New York Times
Egypt’s President Could Win a Trip to Space, Whether He Wants One or Not
February 22, 2013ROBERT MACKEY and LIAM STACK
A group of Egyptian activists who reluctantly endorsed Mohamed Morsi in last year’s
presidential election, and have been bitterly disappointed by his performance
in office, are again urging their fellow citizens to cast a vote for him. This
time, however, a victory for Mr. Morsi would send him not to the presidential
palace, but into space.
The scheme, unveiled Thursday by
members of the April 6 Youth Movement, is to garner enough support in an online
competition to win Mr. Morsi a trip to space sponsored by the deodorant company
Axe. According to a description of the plan on the group’s Facebook
page, it is a “popular campaign to send Morsi behind the sun,” which is a play
on an Arabic expression that means “to make someone disappear.”
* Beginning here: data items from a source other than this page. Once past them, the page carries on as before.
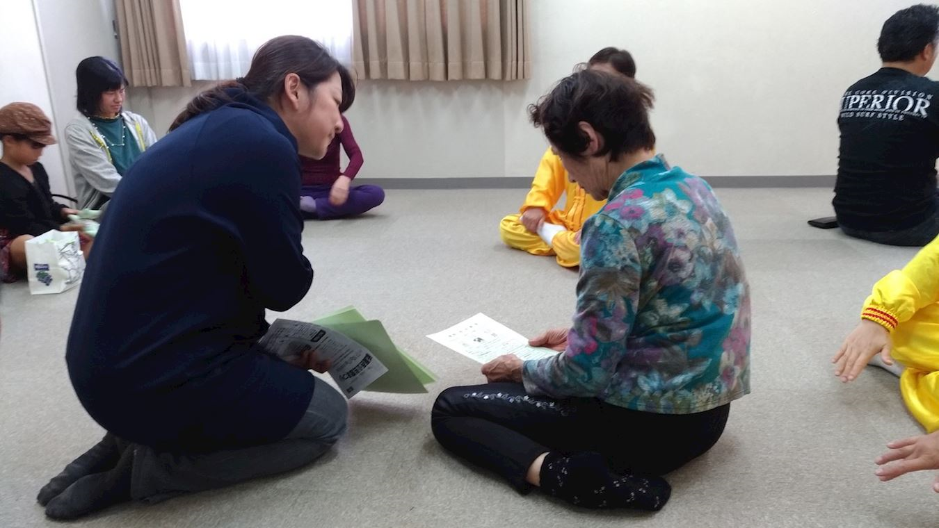 参加功法体验的民众当场阅读资料,有的要来教功点继续学功。法轮功展位的相邻团体的两位女士也表示要学功。活动过后,公民馆的担当职员主动向法轮功学员表示问候:“谢谢你们为庆典活跃了气氛,今后还请多多关照。”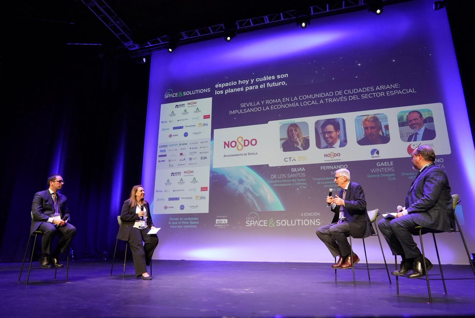 El Ayuntamiento de Sevilla protagonizó además el panel ‘Sevilla y Roma en la Comunidad de Ciudades Ariane: impulsando la economía local a través del sector espacial’, moderado por Silvia de los Santos, consultora sénior del sector aeroespacial y defensa de la Corporación Tecnológica de Andalucía (CTA).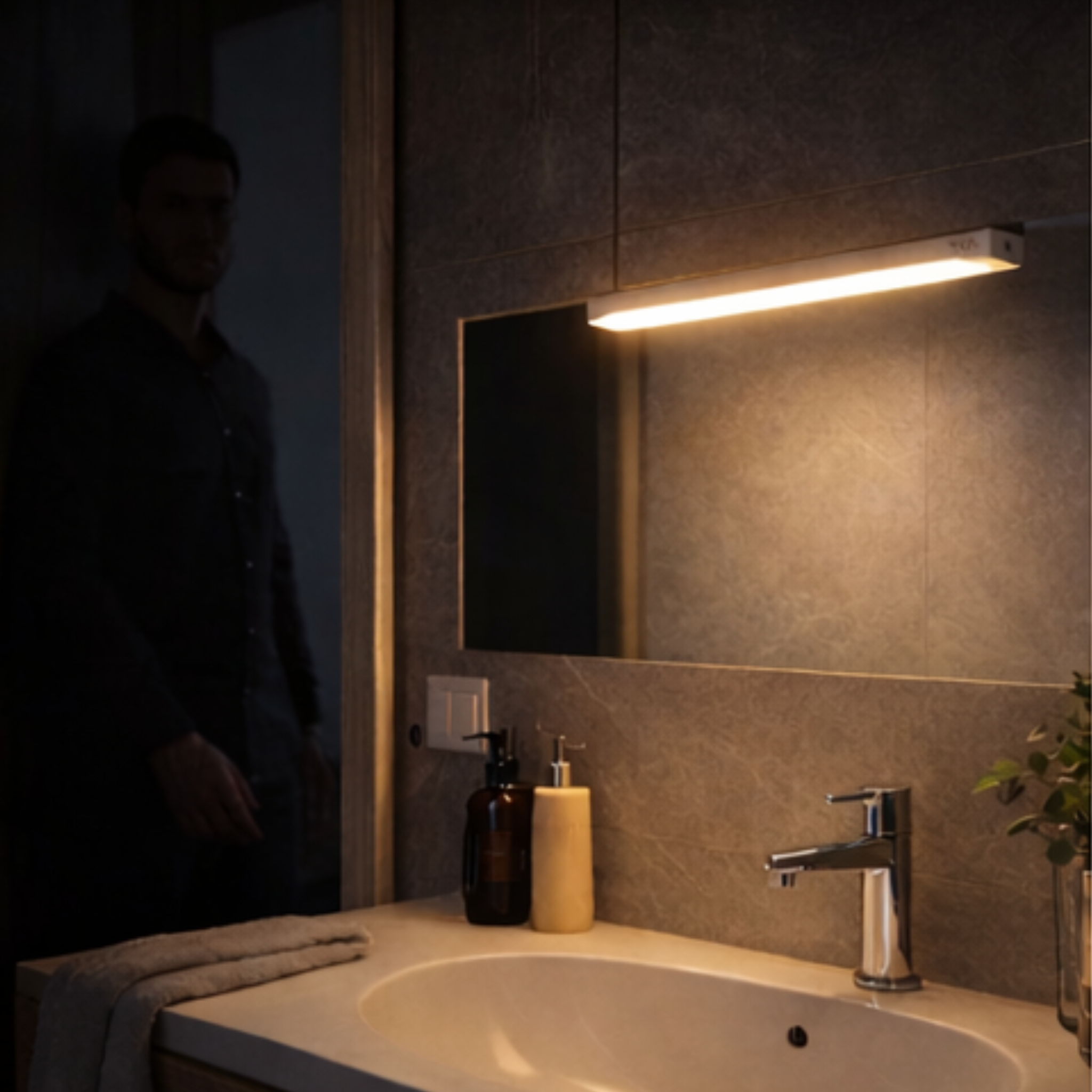 Luz LED con sensor de movimiento ideal para debajo del gabinete, armarios, cocina, alacenas, escaleras, pasillos y más. Su diseño compacto y moderno permite iluminar cualquier rincón oscuro de forma automática y eficiente.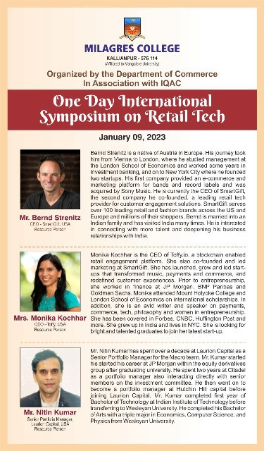 One day International Symposium, Retail Tech, was held at Milagres College Kallianpur.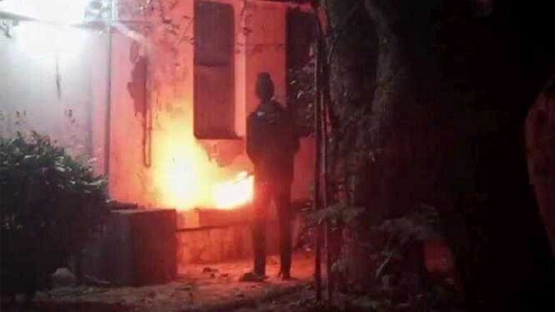 প্রত্যক্ষদর্শী প্রতিবেশী তরুণ কুমার জানান, রাত ১১ টার দিকে কয়েকজন দুর্বৃত্ত বোতলে পেট্রোল ভরে এনে ভবনের পেছনের দিকে প্রবেশ করে। তারা মূল ফটক ও জানালার অংশে আগুন ধরিয়ে দিয়ে দ্রুত পালিয়ে যায়। আগুন দেখে প্রতিবেশীরা এসে দ্রুত নিয়ন্ত্রনে আনে।

In support of the effort, the
activists provided a link to the Axe Apollo Space Academy site and wrote, “We
made an account for President Morsi on this Web site and it he gets your vote
he will travel to the moon and govern them there.” By Friday, the update had
attracted more than 450,000 Facebook likes and generated enough votes to propel
Mr. Morsi to the top of the contest’s leader board.
In an update on Friday evening, the April 6
activists urged their 449,000 Twitter followers: “Vote now and don’t delay!
Morsi needs 1,400 votes to go into first place in the contest. #SendMorsiToTheMoon”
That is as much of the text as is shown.